Read the whole thing. My guess is that the government is not getting out of the bailout business. You have a session in which the folks being asked to take over Lehman say, “Give us X, Y, and Z, or we walk.” The government negotiators think that’s too generous. They let the folks walk. My guess is that the folks will come back to the table. Or someone else will come to the table.
It makes me glad I signed up to attend this session. I will be curious what these guys think of what’s going down.
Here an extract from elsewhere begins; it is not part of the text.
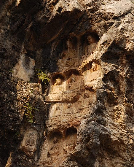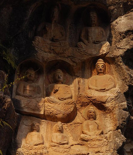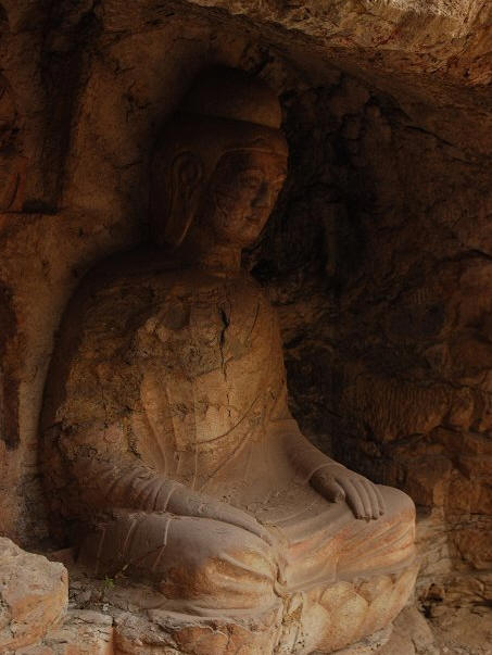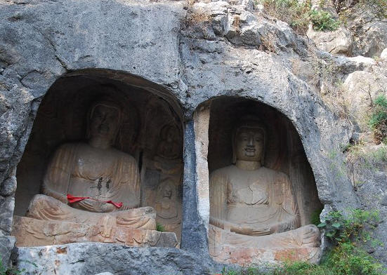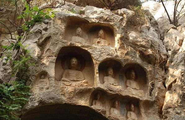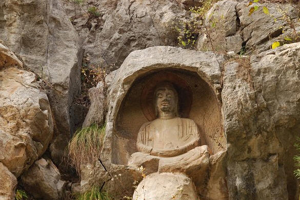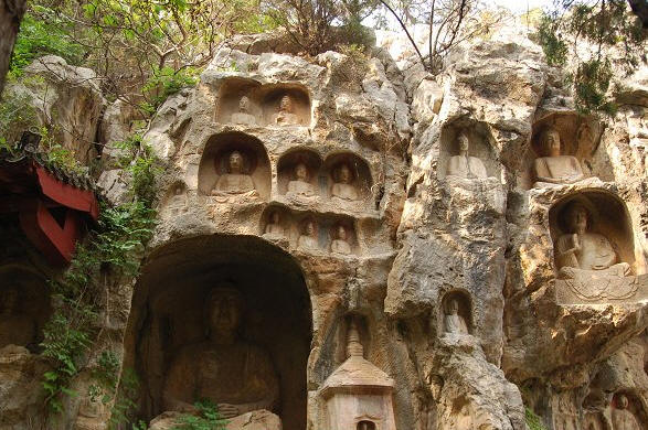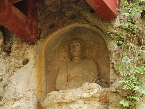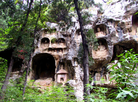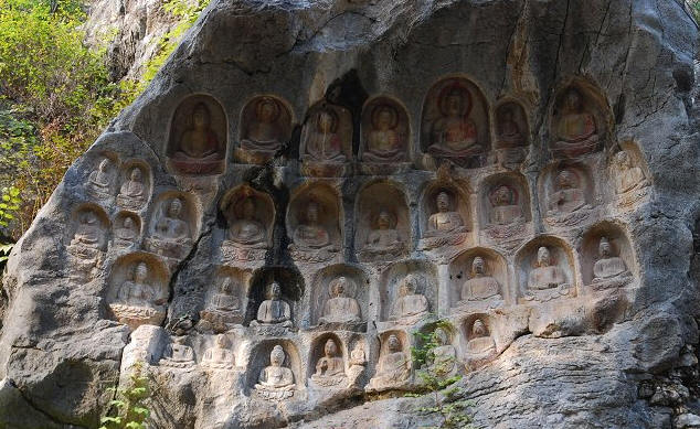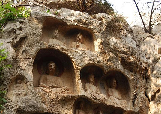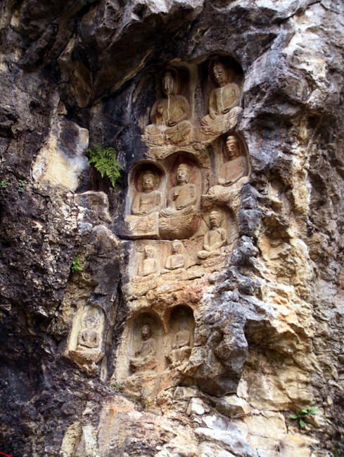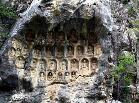 千佛崖造像 千佛崖造像位于神通寺遗址西山腰石崖处。1977年定为省级重点文物保护单位, 1988年定为全国重点文物保护单位。南北长65米,有大小造像221尊,造像题记43 则,从唐高祖武德时(618~626年)始凿,到高宗时最盛,至睿宗时止,前后历时70 余年。余为后人重修或游人题记。南端第一窟,是显庆三年(658年)南平长公主造 像窟,窟内刻坐佛1尊。由此往北,有两个大窟,即贞观十八年(644年)和显庆三年 (658年)僧人明德造像窟。千佛崖中部悬崖有一群体像,大小均匀,排列整齐,共 35尊。北部造像稀疏,最后为两个大窟,有大小造像27尊。

I have met several of them, but they may not remember.
UPDATE: The Wall Street Journal has some appropriately apocalyptic headlines.
I predict that lots of folks pull all-nighters, and there will be more dramatic developments before the markets open tomorrow.
READER COMMENTS
ethics
Sep 14 2008 at 8:47pm
Trading on WS already started at 6PM EST. We have a 3/4 of the staff already in. Traders are in for the night as well.
Last time I’ve seen something similar was the crash of 1987.
Dan Weber
Sep 15 2008 at 11:04am
If I worked in the financial industry, I’d be putting in 80-hour weeks right now.
Not because I think there’s that much work to be done; but because axes are going to fall and people will be laid off, and being seen is a great defense.